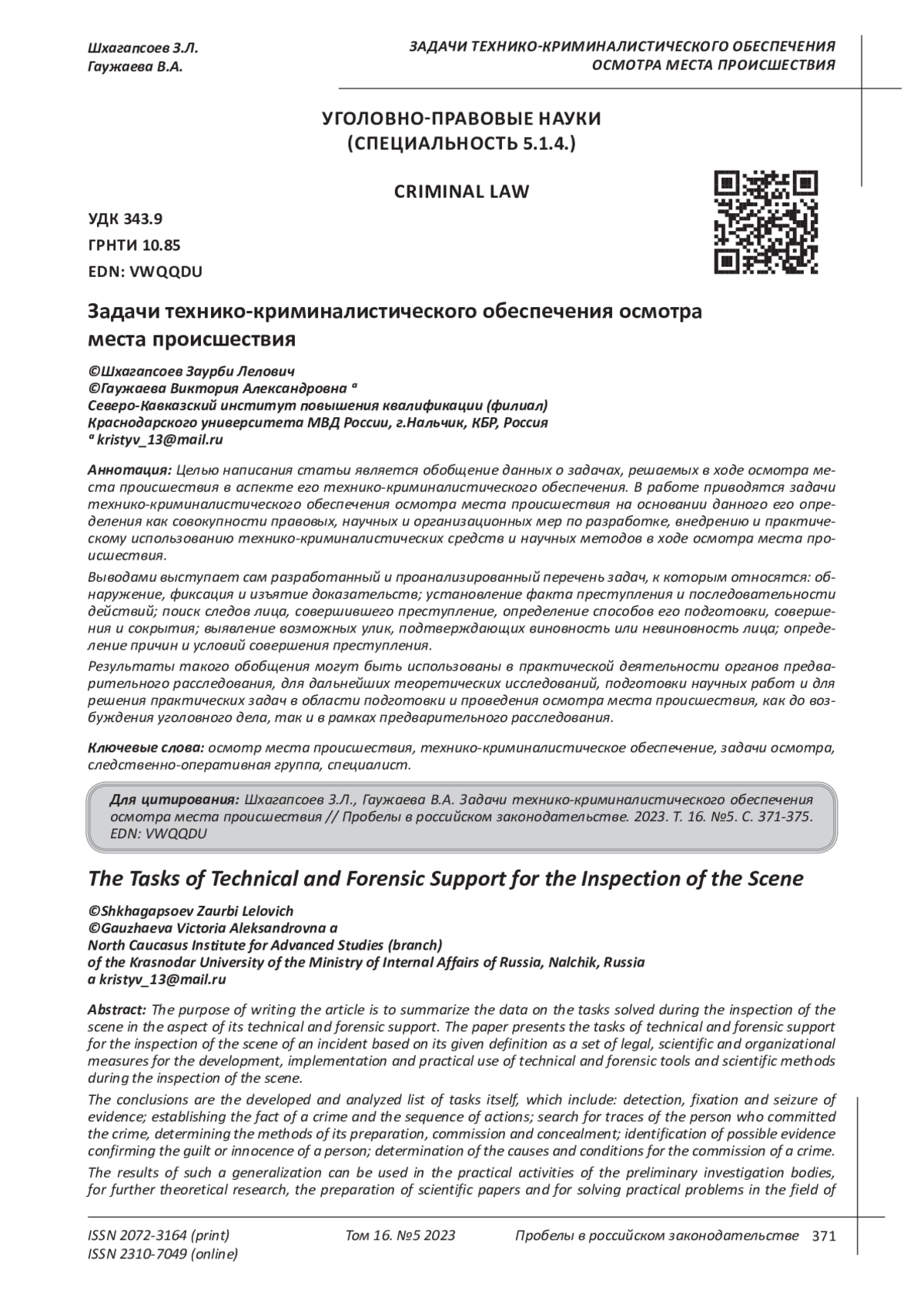 5. Колиев В.В. Проблемы и возможные пути повышения эффективности технико-криминалистического обеспечения при производстве следственных действий // Аграрное и земельное право. 2022. № 9 (213). С. 126-128. EDN: UNQPHT
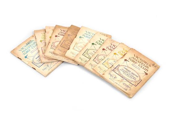 including Autumn Meeting First Day, St Georges Stakes (winner Amounis, Phar Lap 3rd), Futurity Stakes (winner Amounis), Memsie Stakes (winner Wise Force) and Herbert Power Stakes (winner Second Wind), all with pencil annotations, some with page corners removed (10)
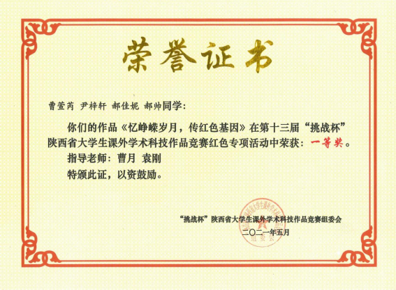 “挑战杯”红色专项赛陕西省一等奖
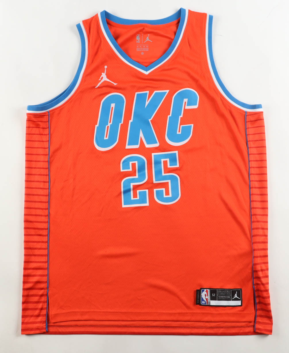 Jordan jersey with everything pressed on, size 52. Jersey is hand-signed by Ajay Mitchell (Oklahoma City Thunder).

++++++++

* INSTRUCTIONS TO FOLLOW: The lines needed are those from the one containing "including Autumn Meeting" through the end of the listing, given again word for word and without any picture.

* TASK RESULT:
 including Autumn Meeting First Day, St Georges Stakes (winner Amounis, Phar Lap 3rd), Futurity Stakes (winner Amounis), Memsie Stakes (winner Wise Force) and Herbert Power Stakes (winner Second Wind), all with pencil annotations, some with page corners removed (10)
 “挑战杯”红色专项赛陕西省一等奖
 Jordan jersey with everything pressed on, size 52. Jersey is hand-signed by Ajay Mitchell (Oklahoma City Thunder).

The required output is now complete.